Reducing backlog: Litigation policy good but not enough
The Tribune Friday, June 25, 2010, Chandigarh, India
The government as a ‘responsible and efficient’ litigant is an attractive proposition and the Union Law Minister’s belated announcement of a national policy to reduce the number of pending cases to achieve that end is certainly welcome. While over two crore cases are said to be pending before various courts in the country, Law Minister Veerappa Moily acknowledged that 70 per cent of them involve the government as either the petitioner or the respondent. Government litigation, as the Prime Minister once admitted, crowds out the private citizen from the system. Dr Manmohan Singh had then cited a survey conducted in Karnataka, where 65 per cent of the civil cases involved the government as litigant, sometimes on both sides. Under the new policy, the government would cease to be a ‘compulsive litigant’ and, as far as possible, would refrain from filing appeals against orders, assured the minister. The move will save the government both time and money as surveys reveal that the government actually loses over 90 per cent of the appeals.
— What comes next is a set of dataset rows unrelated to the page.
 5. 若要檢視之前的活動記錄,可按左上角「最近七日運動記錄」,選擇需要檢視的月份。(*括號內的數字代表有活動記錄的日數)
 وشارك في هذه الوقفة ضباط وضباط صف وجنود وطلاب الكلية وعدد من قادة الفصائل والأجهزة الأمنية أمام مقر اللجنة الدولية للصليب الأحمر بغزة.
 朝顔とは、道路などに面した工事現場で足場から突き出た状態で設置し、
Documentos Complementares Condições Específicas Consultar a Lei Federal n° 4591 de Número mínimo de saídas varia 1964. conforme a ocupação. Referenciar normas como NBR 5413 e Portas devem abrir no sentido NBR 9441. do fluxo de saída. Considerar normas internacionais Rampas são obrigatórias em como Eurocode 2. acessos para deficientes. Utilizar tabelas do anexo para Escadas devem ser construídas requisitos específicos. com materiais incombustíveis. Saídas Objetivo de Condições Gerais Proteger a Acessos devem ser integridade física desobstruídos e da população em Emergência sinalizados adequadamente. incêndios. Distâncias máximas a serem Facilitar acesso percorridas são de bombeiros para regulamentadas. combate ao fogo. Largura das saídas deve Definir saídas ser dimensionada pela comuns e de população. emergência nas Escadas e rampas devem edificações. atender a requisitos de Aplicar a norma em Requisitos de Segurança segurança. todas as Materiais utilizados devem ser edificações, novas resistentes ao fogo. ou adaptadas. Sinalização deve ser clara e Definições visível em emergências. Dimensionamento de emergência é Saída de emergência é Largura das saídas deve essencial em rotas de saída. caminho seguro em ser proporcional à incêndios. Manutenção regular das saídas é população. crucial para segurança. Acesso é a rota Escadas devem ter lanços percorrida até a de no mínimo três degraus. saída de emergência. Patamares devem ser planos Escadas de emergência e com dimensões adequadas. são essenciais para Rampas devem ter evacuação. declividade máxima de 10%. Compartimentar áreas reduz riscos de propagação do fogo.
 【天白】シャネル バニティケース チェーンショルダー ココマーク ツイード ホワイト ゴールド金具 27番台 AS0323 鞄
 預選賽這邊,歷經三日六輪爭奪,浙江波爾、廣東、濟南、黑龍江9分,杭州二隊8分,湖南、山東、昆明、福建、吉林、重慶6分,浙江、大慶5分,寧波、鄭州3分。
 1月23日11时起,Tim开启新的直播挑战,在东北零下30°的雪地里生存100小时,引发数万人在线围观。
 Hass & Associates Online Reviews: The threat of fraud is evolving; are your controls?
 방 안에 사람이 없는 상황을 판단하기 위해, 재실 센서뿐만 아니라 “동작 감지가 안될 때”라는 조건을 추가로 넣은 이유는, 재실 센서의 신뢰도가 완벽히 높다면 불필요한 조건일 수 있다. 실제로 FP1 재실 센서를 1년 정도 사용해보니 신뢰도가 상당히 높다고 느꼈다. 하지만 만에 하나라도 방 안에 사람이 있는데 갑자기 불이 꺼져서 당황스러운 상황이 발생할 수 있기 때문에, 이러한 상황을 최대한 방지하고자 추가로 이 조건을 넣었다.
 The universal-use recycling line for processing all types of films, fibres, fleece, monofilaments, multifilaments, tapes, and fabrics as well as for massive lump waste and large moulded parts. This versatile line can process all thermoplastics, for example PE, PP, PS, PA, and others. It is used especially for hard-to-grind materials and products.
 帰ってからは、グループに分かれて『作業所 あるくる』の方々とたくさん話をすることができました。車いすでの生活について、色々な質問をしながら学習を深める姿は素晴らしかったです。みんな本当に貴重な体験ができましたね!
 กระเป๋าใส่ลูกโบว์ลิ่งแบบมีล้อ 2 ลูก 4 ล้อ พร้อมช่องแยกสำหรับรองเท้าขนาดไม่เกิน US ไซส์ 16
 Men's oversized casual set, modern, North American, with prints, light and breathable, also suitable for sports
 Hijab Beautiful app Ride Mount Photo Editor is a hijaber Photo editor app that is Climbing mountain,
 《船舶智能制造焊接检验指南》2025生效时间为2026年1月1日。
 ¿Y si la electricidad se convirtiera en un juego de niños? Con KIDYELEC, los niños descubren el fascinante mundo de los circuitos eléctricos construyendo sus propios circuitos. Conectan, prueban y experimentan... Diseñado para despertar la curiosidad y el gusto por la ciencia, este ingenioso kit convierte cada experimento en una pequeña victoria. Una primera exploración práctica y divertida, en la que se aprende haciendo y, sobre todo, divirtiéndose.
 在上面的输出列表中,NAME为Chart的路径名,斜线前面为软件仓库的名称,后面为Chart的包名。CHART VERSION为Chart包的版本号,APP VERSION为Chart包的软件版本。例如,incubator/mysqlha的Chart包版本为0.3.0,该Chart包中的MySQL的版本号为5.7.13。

A close watch would be kept on the implementation of the policy, said the minister and indicated that empowered committees, to be chaired at the national level by the Attorney-General, would be set up to monitor the implementation and fix the accountability of different departments. Though the objective is laudable, the measure is simply not enough. The government officials who fail to apply their mind and squander public money in unnecessary litigation must receive deterrent penalties for the policy to become effective. Government officers, who force citizens into protracted litigation to secure their dues like PF, pension, insurance or compensation, must also be held accountable. The Law Commission has often cited instances of the government pursuing frivolous litigation or as a “matter of prestige”. Often the officials are vindictive and vengeful, arrogant and determined to harass the citizens. For the policy to work, therefore, these busybodies must be made accountable for their action.
In its eagerness to reduce court cases, it is hoped, the government will not fall into the trap of letting off the big sharks. As it is, the Indian judiciary and the state are believed to be soft on the rich and the powerful. It would be tragic, therefore, if the really culpable, especially among the elite who bend the rules, are allowed to get away.